▶ _Supplied material_

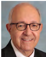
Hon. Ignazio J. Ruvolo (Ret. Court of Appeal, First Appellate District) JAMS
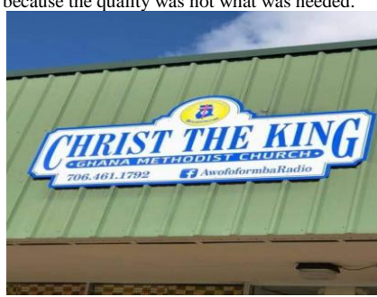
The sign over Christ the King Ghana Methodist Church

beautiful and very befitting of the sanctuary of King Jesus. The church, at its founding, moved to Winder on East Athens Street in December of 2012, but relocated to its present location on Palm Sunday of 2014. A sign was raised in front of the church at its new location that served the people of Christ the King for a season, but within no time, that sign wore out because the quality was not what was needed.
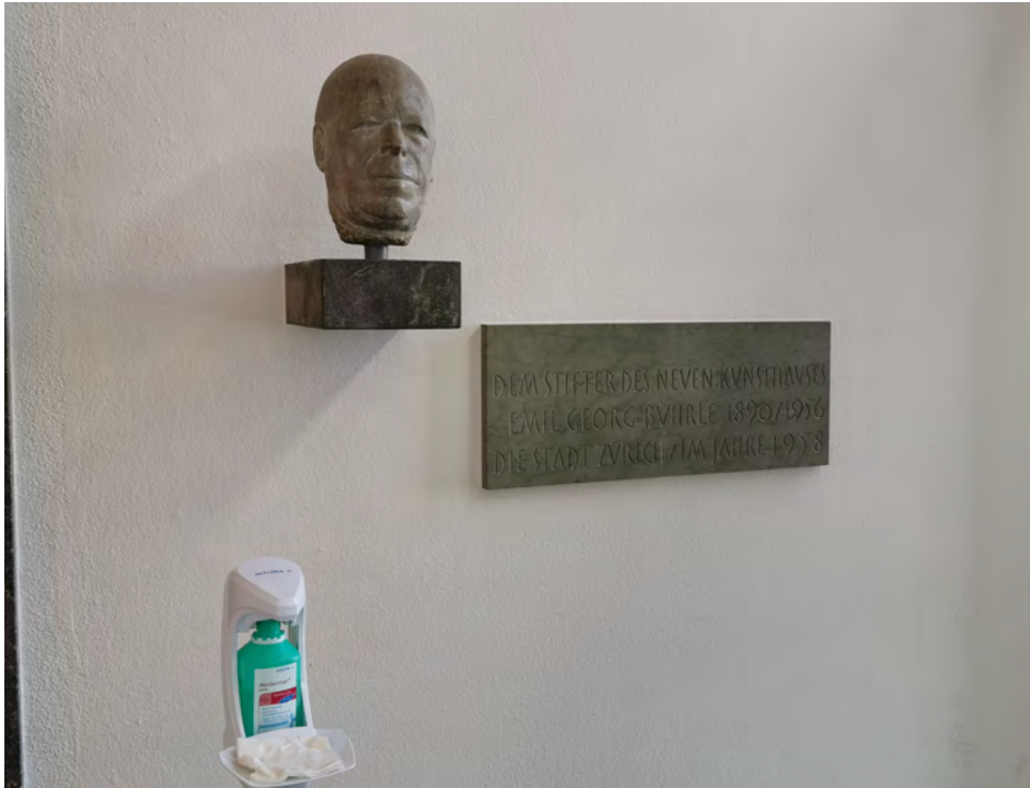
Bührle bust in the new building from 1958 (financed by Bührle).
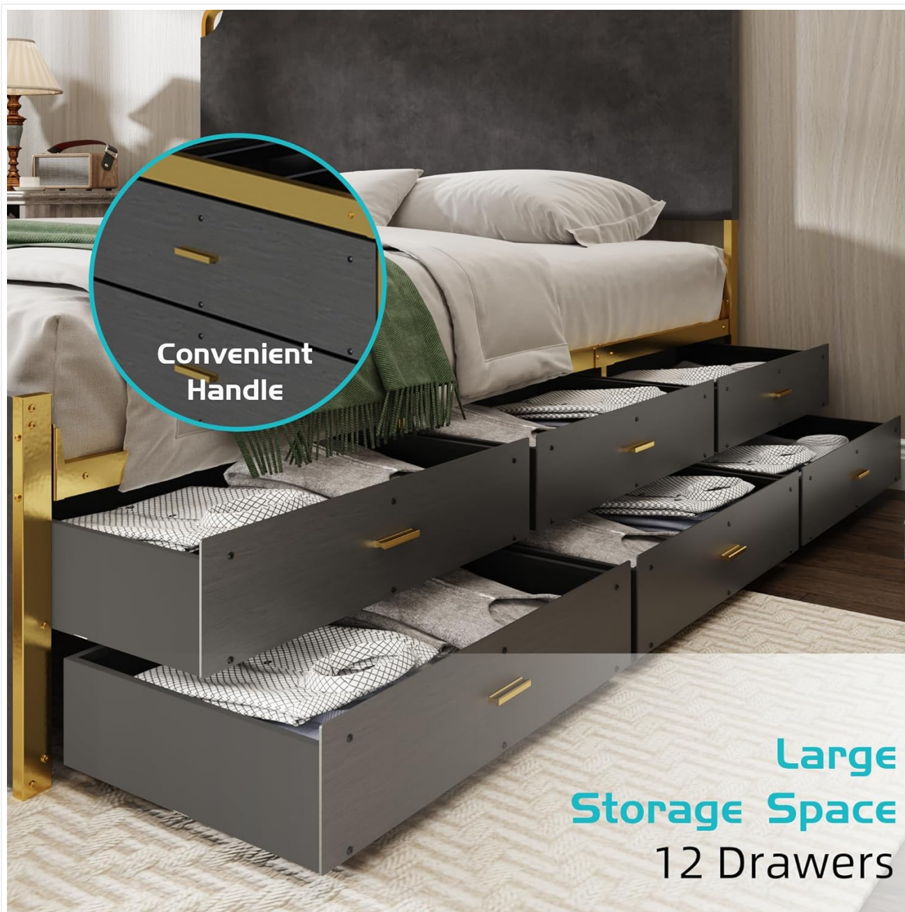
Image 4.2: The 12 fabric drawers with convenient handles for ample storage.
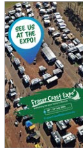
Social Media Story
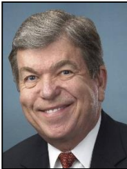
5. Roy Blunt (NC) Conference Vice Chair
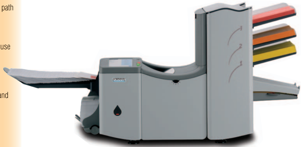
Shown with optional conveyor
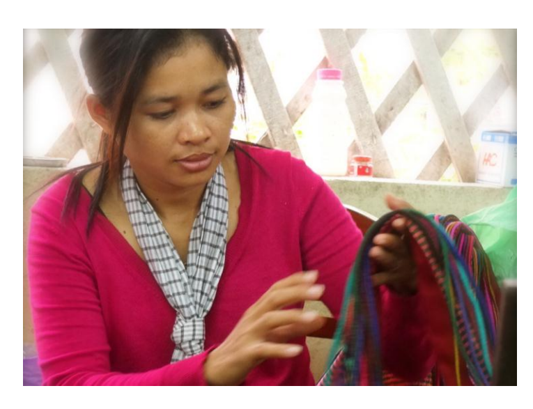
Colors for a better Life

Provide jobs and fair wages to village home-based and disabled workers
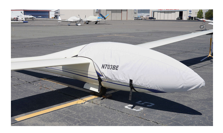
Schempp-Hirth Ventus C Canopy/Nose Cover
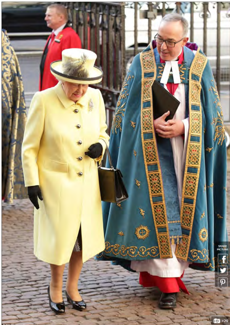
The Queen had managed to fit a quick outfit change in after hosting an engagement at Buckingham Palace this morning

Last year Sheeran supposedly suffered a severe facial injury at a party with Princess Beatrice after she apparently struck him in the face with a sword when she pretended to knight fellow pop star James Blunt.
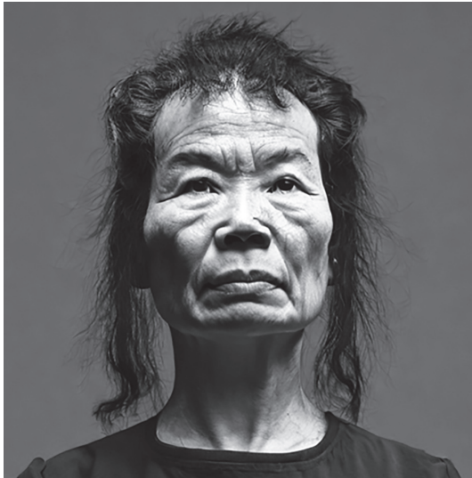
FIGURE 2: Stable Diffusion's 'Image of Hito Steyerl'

...

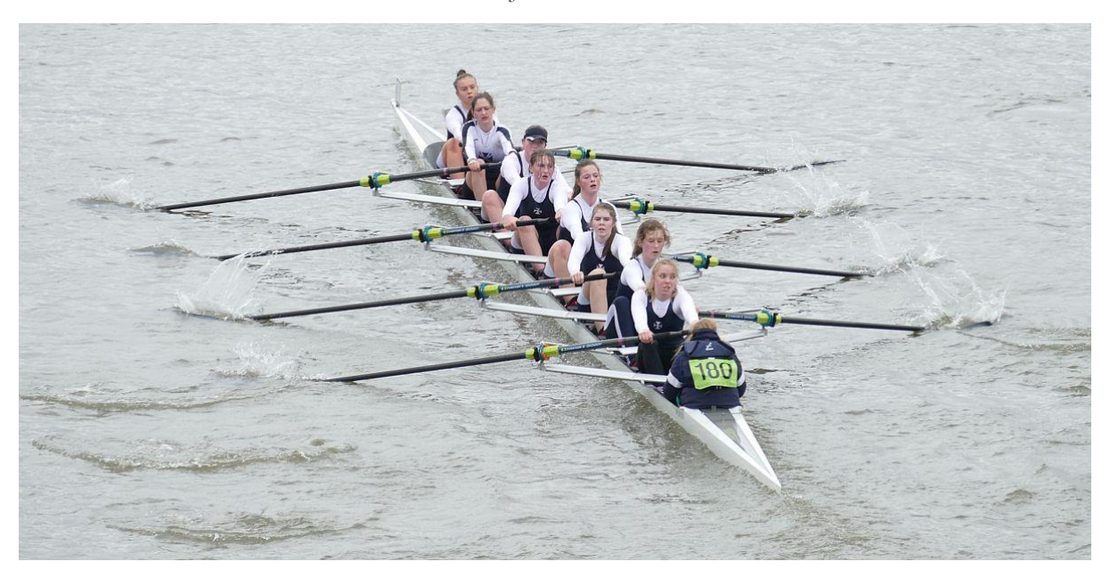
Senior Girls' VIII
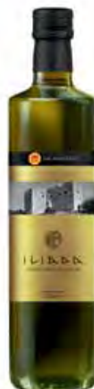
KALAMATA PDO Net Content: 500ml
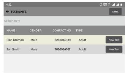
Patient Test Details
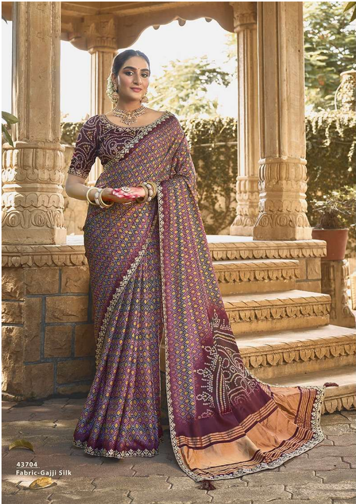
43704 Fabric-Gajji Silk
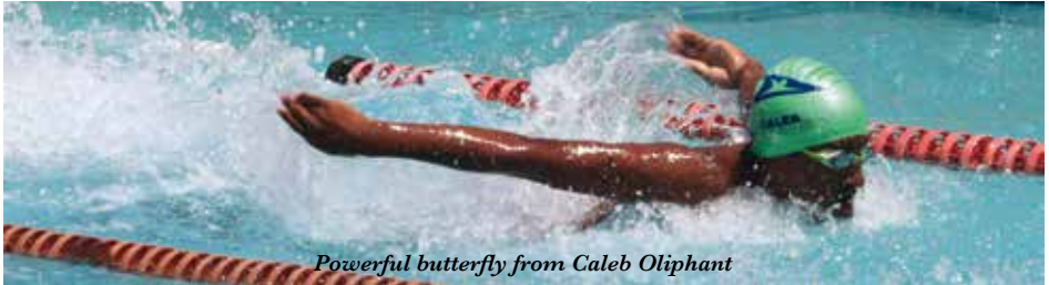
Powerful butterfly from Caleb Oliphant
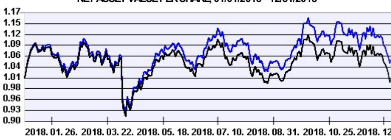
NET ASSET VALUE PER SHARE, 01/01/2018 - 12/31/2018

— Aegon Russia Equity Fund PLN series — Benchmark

▶ _Work to complete_
Only one part of the listing is wanted: the lines from the one containing "Image 4.2: The" through the one containing "FIGURE 2: Stable", both included. Please transcribe it exactly, leaving out the pictures.

▶ _Result for this task_
Image 4.2: The 12 fabric drawers with convenient handles for ample storage.
Social Media Story
5. Roy Blunt (NC) Conference Vice Chair
Shown with optional conveyor
Colors for a better Life

Provide jobs and fair wages to village home-based and disabled workers
Schempp-Hirth Ventus C Canopy/Nose Cover
The Queen had managed to fit a quick outfit change in after hosting an engagement at Buckingham Palace this morning

Last year Sheeran supposedly suffered a severe facial injury at a party with Princess Beatrice after she apparently struck him in the face with a sword when she pretended to knight fellow pop star James Blunt.
FIGURE 2: Stable Diffusion's 'Image of Hito Steyerl'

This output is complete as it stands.